Currently, the best persistent memory option is arguably NAND Flash, the underlying storage medium of SSDs. To use fast SSDs, and thus Flash, an application must resort to NVMe and, most likely, an additional I/O framework to issue fast block reads and writes [9]. These layers force applications to be structured around asynchronous API calls instead of the much simpler load/store instructions. Even with these APIs, properly coupling a database system with an SSD requires much effort and may not unlock the device's entire performance [15].

**CXL as a storage layer unifier.** Recently, a technology called Compute Express Link (CXL) [7] emerged that can bring back simplicity. CXL promises to allow memory of any type sitting on peripheral cards or even in remote machines to be accessed directly by applications as if they were local DRAM. At its heart, CXL is a cache coherence protocol [31]. For decades, these protocols have allowed multi-socket servers to offer applications a unified view of memory. These protocols, however, have been closely guarded and have all been proprietary. CXL's most significant advantage is, arguably, that it is public. It promises to support interoperability across different manufacturers' devices.

This allows third parties to build, for instance, so-called *memory expanders*, PCIe form factor daughter cards that contribute extra memory to a host, be it Intel- or AMD-based, or any future server that would support the protocol [24, 29]. Figure 1 (top) depicts this scenario. CXL characteristics are already known [33], and major hyperscalers, such as Microsoft and Meta, have already announced potential adoption plans [21, 23].

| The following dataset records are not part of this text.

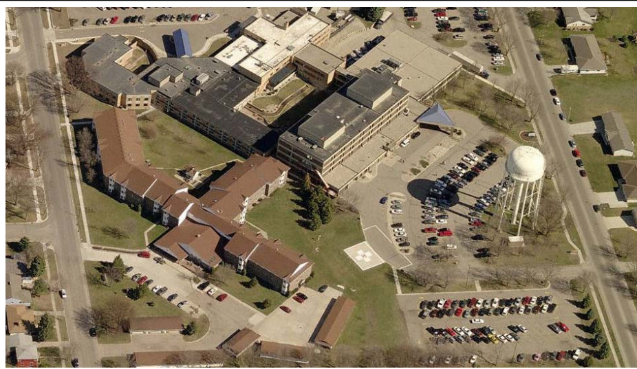
Marshall, MN Avera Marshall Regional Medical Center ( ) N 44° 26.8' W 95° 46.7' IMPORTANT: The pilot retains full responsibility for safe and legal flight operations, regardless of data presented on this page.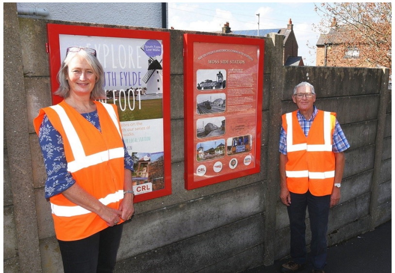
Unveiling the new Moss Side history poster

History Posters depicting the development of stations over time were installed at St Anne's, Moss Side, Lytham and Salwick and one is shortly to be installed at Squires Gate.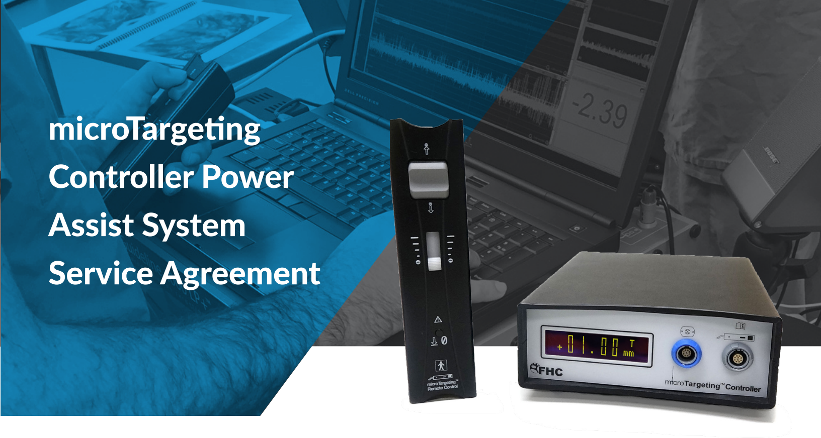
microTargeting™ is a trademark of FHC, Inc.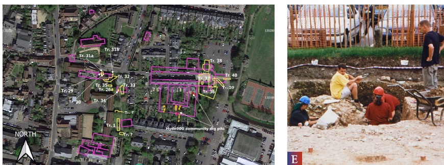
Map of excavations showing the 1995-99 and 2016-18 trenches (yellow) together with outlines of the predicted buildings (purple). The revised plan of the cloister based on the findings of the 2016-18 digs.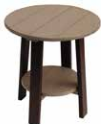
Round Dining End Table #RETD - 42 21" W x 22" H - (17 lbs.)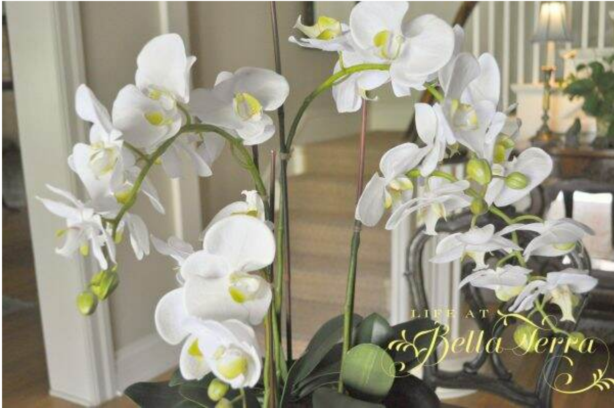
table is a grouping of artificial orchids~~white ones that strongly contrast the dark wood table. They certainly aren't as detailed as the real orchids, but they look authentic from a distance.

And I don't forget to tend to these orchids, as they look great every day!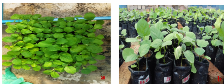
Fig. 1 : Different stage of eggplant seedlings a) 21 days seedlings in germination tray b) Seedlings in polybag for two weeks before transplanting

Note: BB: Brinjal Bangladesh, BM: Brinjal Malaysia, and BT: Brinjal Thailand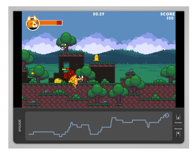
Fig. 3. Continuous, unbounded arousal annotation with the RankTrace method through PAGAN [7]. The figure shows the Run'N'Gun platformer game.

AGAIN offers continuous, unbounded arousal annotations of each gameplay session recorded with the PAGAN annotation tool [30] (see Figure 3). The interface shows the full history of the annotation process and does not limit the value range of the affect label. Due to these properties, the collected annotation trace preserves the subjective and ordinal nature of the player experience [8] and makes the dataset optimal for modelling through preference learning (see Section IV-A).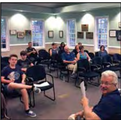
These people are working on a very important committee. See what they are up to on page 8.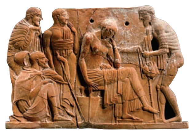
About 460–450 B.C.: Terra cotta plaque showing the return of Odysseus

1931–1932: Ulysses, Georges Braque. Pastel drawing.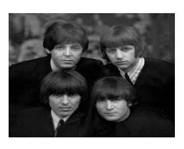
Yesterday Beatles (Group of 4 singers)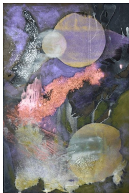
En Famille 71 x 53cm Mixed media on black Hahnmueller paper framed in gunmetal with art glass $750

Nolan Gallery Space 109 77 Salamanca Place Hobart 7004 03 62233449 0438446785 Www.nolanart.com.au Betty.nolan@bigpond.com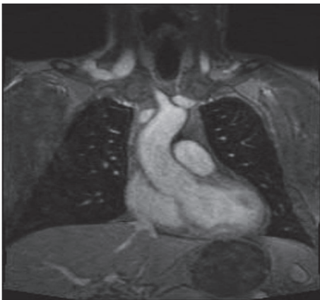
FIGURE 2: MRI of the heart with and without intravenous gadolinium contrast administration.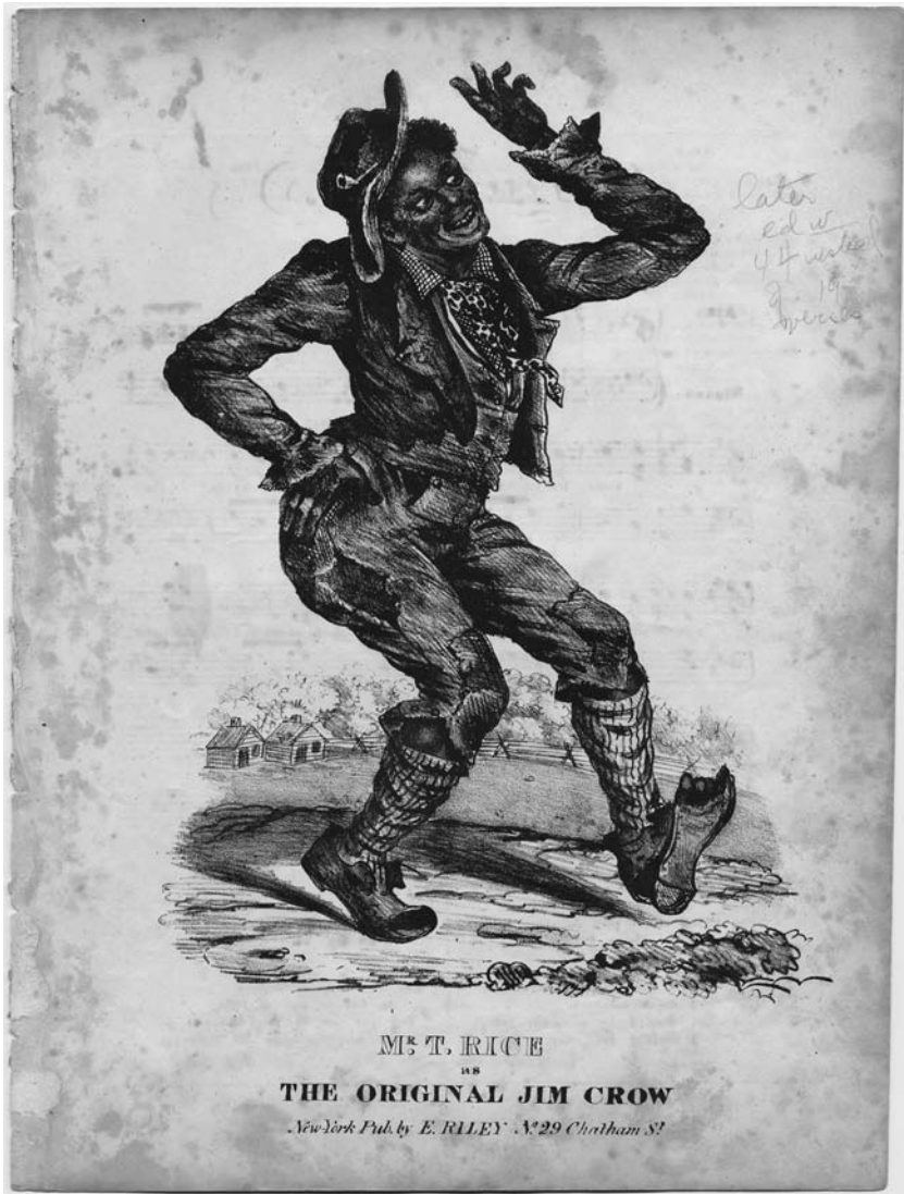
Figure 1 Cover for the “Jim Crow” sheet music published by E. Riley, New York, ca. 1831

of Blacksound are captured by Johnson in the following passage, which highlights what is at stake in the performance and construction of race by individuals within larger systems of power: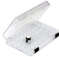
Tsukineko STORAGE BOX Sponge Daubers...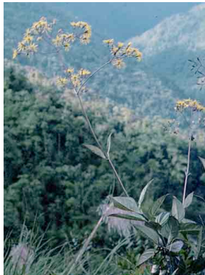
13 Senecio ASTERACEAE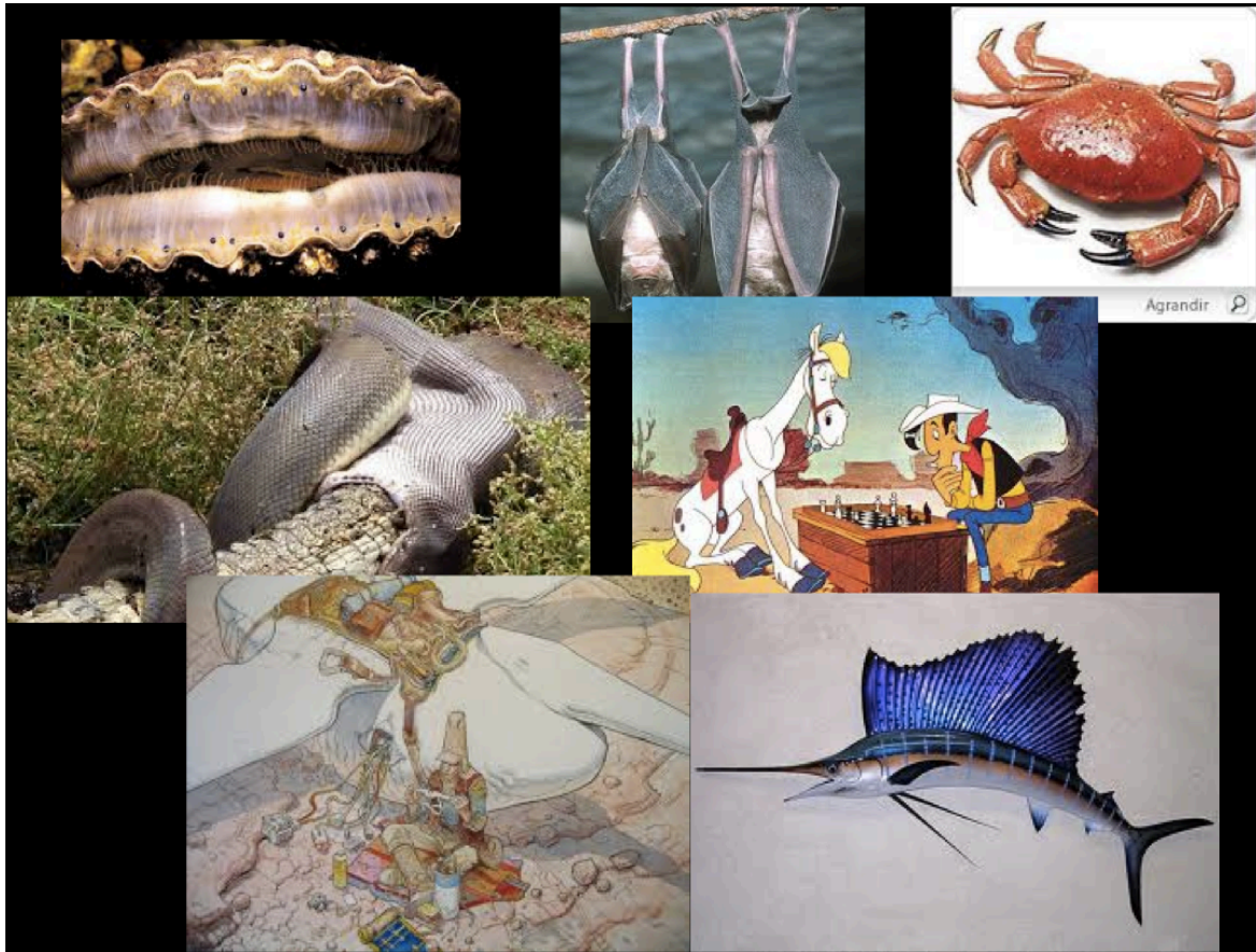
Figure 4: Mood board from Case 2 displaying inspirations in terms of physical sensations such as wet crabs, fish, that conveyed smooth, sliding, to the point of slimy sensations and imaginary references: cartoons showing a partnership between the person and her vehicle, whether “fusional” or friendly. It induces an ambiguity between the hyper adapted / connected / controlled car and the chummy, comfortable, fun vehicle.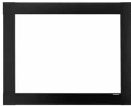
Contemporary Front for Attribute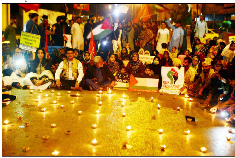
KARACHI: Members of National Trade Union Federation (NTUF) are enlightened candles to express solidarity with martyred innocent people of Palestine and against Israeli cruel and inhumane acts, during protest demonstration at Karachi press club

ered 23 iPhonesworth Rs9.2 million from her bag. A case has been registered under the Customs Act after recovering the smartphones.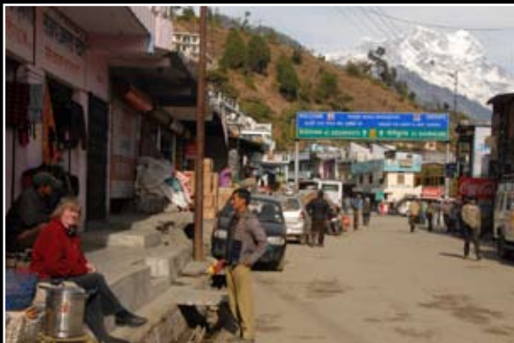
On the road to Kedarnath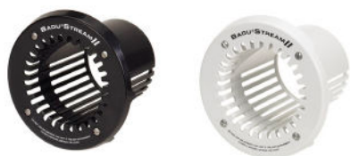
Optional round covers available in the colors black, gray, and white.

Consult your physician before attempting any strenuous exercise. This product may not be challenging or satisfying for all levels of exercise.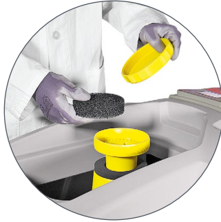
For an effective vacuuming the suction filter must be kept clean.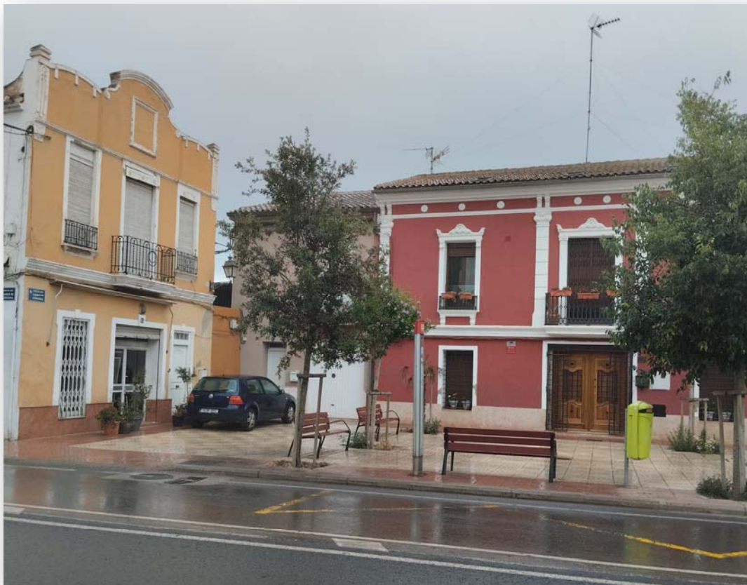
PHOTOS 3 and 4. Placeta of Cases de Bàrcena, identified as the center of the urban centre.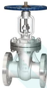
美标闸阀 American standard gate valve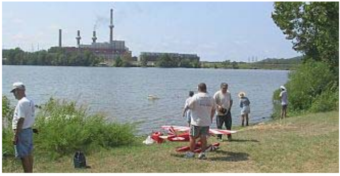
Above are a couple of photos of the Annual Black Sheep Float Fly which has been held on Springfield Lake for the last several years.

After one flight where I tipped my plane over on landing and after enjoying the free lunch we decided to call it a day since the wind was starting to pick up. Hope the Black Sheep are able to continue this annual fun Float Fly event even though it may be at a different location.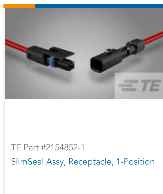
TE Part #2154852-1 SlimSeal Assy, Receptacle, 1-Position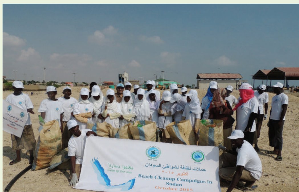
Figure 3: Beach clean-up and monitoring activity, Sudan.

The objective for Component 6 is: Undertake research to determine the source, density and composition of marine litter in each PERSGA member country. There are 15 actions proposed to achieve this objective. The actions are listed in Table 8.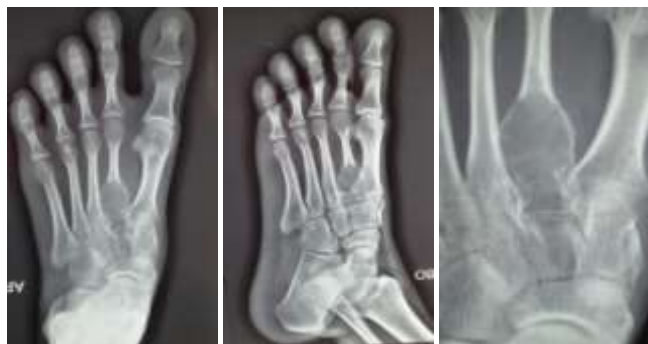
Figure 1: Plain radiographs of Left foot. (a) AP, (b) Lateral and (c) magnified AP views. There is an expansile lesion of GCT of epiphyseal region of second metatarsal with multiple thin inner trabeculations.

beyond the joint. The working diagnosis of GCT was made on the basis of the clinical and radiological findings.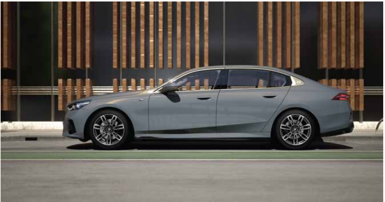
19" M light alloy wheels Double-spoke style 935 M Bicolour Midnight Grey. (Optional upgrade)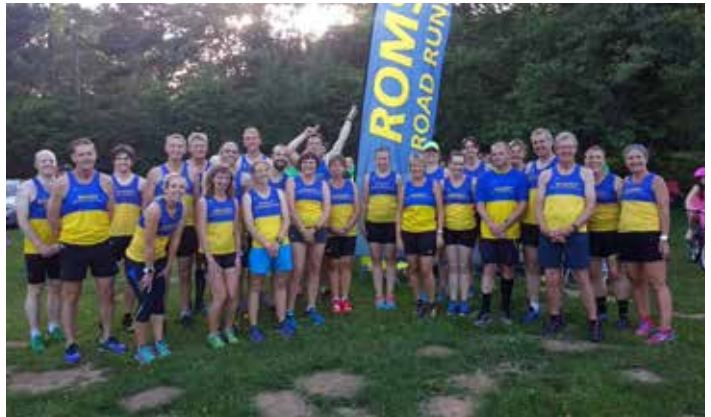
Romsey Road Runners at the Manor Farm RR10 race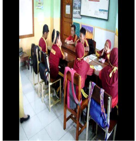
Students practiced in group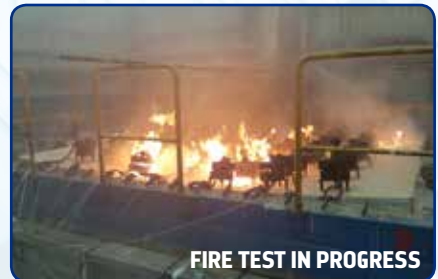
FIRE TEST IN PROGRESS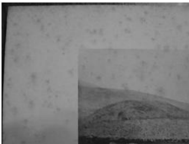
Figure 1 : Foxing spots in a photograph from HMLP

Samples were taken from the surfaces of photographic paper with fox-like reddish-brown colour spots, type “foxing” (Figure 1) in the Historical Archive of the Museum of La Plata (HMLP), Argentina, with sterile cotton swabs. They were homogenized in 10 ml of sterile saline and inoculated on Plate Count Agar (PCA media) for to grow heterotrophic mesophilic bacteria [17,19,26] . Bacteria were typified according to the Gram stain and biochemical tests [36] . Bacillus spp. were identified by molecular techniques (16S rRNA gene), with NCBI accession number EU184084 = Bacillus sp. and NCBI accession number AM747224 = Bacillus thuringiensis [19,20] .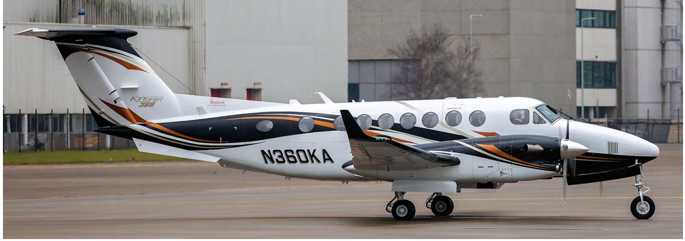
Textron only introduced the King Air 360 in August 2020, but in March 2021 prototype N360KA has been performing demonstration flights across Europe. (Amsterdam Schiphol, 25 March 2021)

Registered to Pilatus Flugzeugwerke in January, later sold to: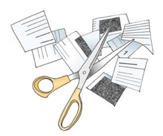
Figure 2: How Plagiarism Works (Weber-Wulff, 2004b)

Example of an image with the source cited in the references: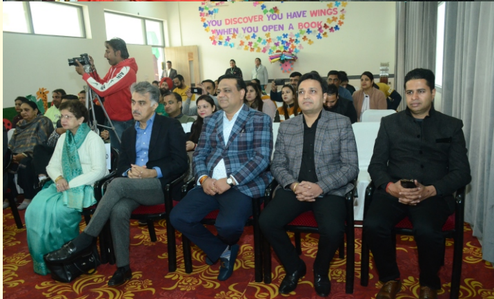
December 03, 2022: Blooming Dales - Nursery A & B:

Blooming Dales was celebrated on 3rd December 2022. It showcased daily classroom activities. Nursery kids performed confidently in front of their parents demonstrating their comprehension and spoken skills.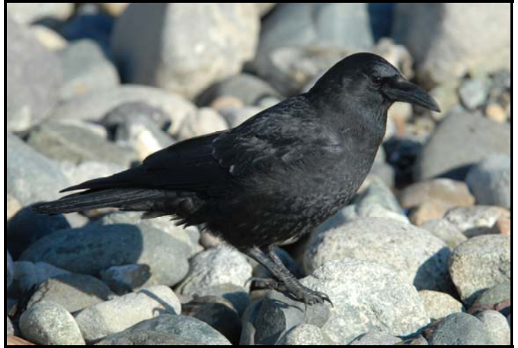
American or Northwestern -- you be the judge. While American Crows nested in the Yukon this summer, the identification of these individuals in Whitehorse 4 & 11 Oct hardly seemed straightforward.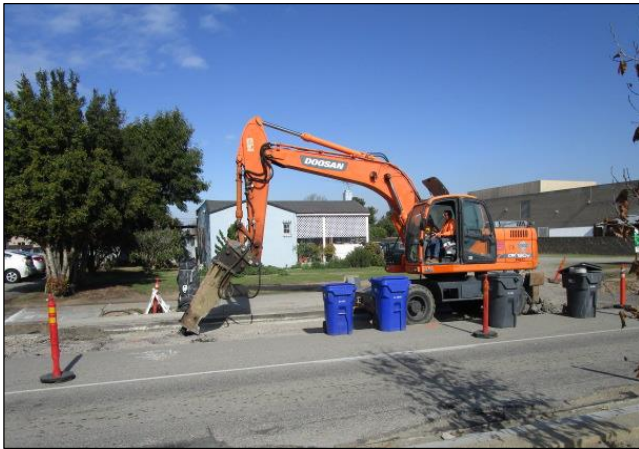
Excavator breaking up slag on north side between Main and Moneta.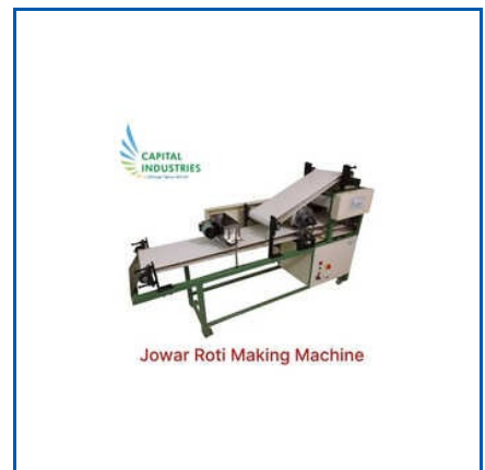
JOWAR CHAPATI MAKING MACHINE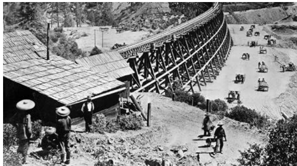
Chinese workers loading ballast to fill in under a track

into groups of laborers and foremen . They did not leave the job, no matter how difficult it was. The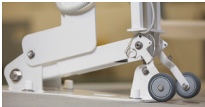
Wheel-A-Way mobility option provides flexibility to transport the lift if needed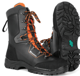
PROTECTIVE BOOTS - (LEATHER) WITH SAW PROTECTION C20 SIZE - EU 44, AU/NZ 9.5 597 65 94-44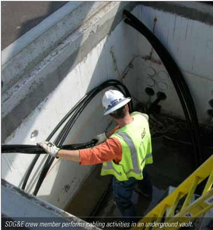
SDG&E crew member performs cabling activities in an underground vault.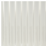
Clear Lucite Rods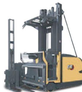
Man-Up Turret Truck: 1.1 – 2.0 tonne capacity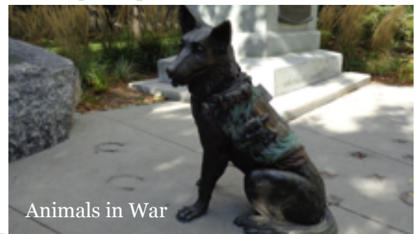
Animals in War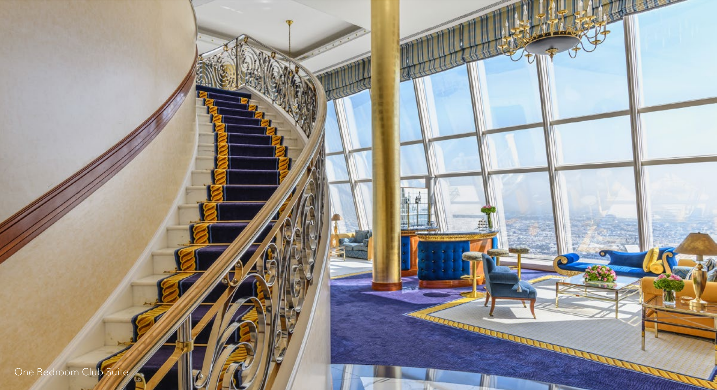
One Bedroom Club Suite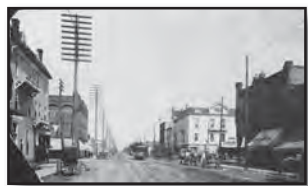
7 LYNDALE AVENUE AND LAKE STREET/ CROWELL BUILDING

This paper is published under the Creative Commons Attribution 4.0 International (CC-BY 4.0) license. Authors reserve their rights to disseminate the work on their personal and corporate Web sites with the appropriate attribution, provided that you attribute the original work to the authors and CIDR 2024. 14th Annual Conference on Innovative Data Systems Research (CIDR '24). January 14-17, 2024, Chaminade, USA.

CIDR'24, January 14-17, 2024, Chaminade, USA

Sangjin Lee, Alberto Lerner, Philippe Bonnet, and Philippe Cudré-Mauroux

**SSD storage can join CXL but do more than memory expansion.** The CXL standard, however, does not clearly address how to incorporate a persistence storage layer such as the one provided by an SSD. Flash has widely different characteristics than DRAM and requires completely different maintenance procedures. Even so, one can imagine that a CXL memory expander could simply mask these differences and use Flash to back a CXL memory address range. An I/O against a Flash-backed CXL address would be somehow converted into an I/O against Flash. Put differently, an application would not need intermediate frameworks to access this device and could thus have a more natural structure. This semantics is viable and is one of the CXL-Flash integration alternatives proposed by this paper and some prototypes [14, 28].

This paper, however, goes beyond this level of integration. We introduce a new CXL-Flash coupling option that allows parts of a database system to be implemented in the device, in what is commonly referred to as Near-Data Processing (NDP) [2]. Storage devices have been steadily gaining such capabilities [10, 11, 18, 19]. We call our new abstraction DATABASE KERNELS (DBK). DBK leverage the CXL technology to export an address space to the database system. However, instead of implementing a 1:1 mapping into Flash, I/Os against this area trigger computations inside the device. Figure 1 also depicts this possibility.

The DBK abstraction allows moving different aspects of database systems into the device. For instance, early predicate execution can be implemented as a DBK. The device could take a predicate description through an address within the CXL-backed window and present a materialized view of the result in the rest of the area. As with other kernels, we expect the execution to consume fewer resources (e.g., transfers), to be faster, and to liberate the host CPU for other tasks. We will discuss how different classes of DBKs can extend the database functionality into the device.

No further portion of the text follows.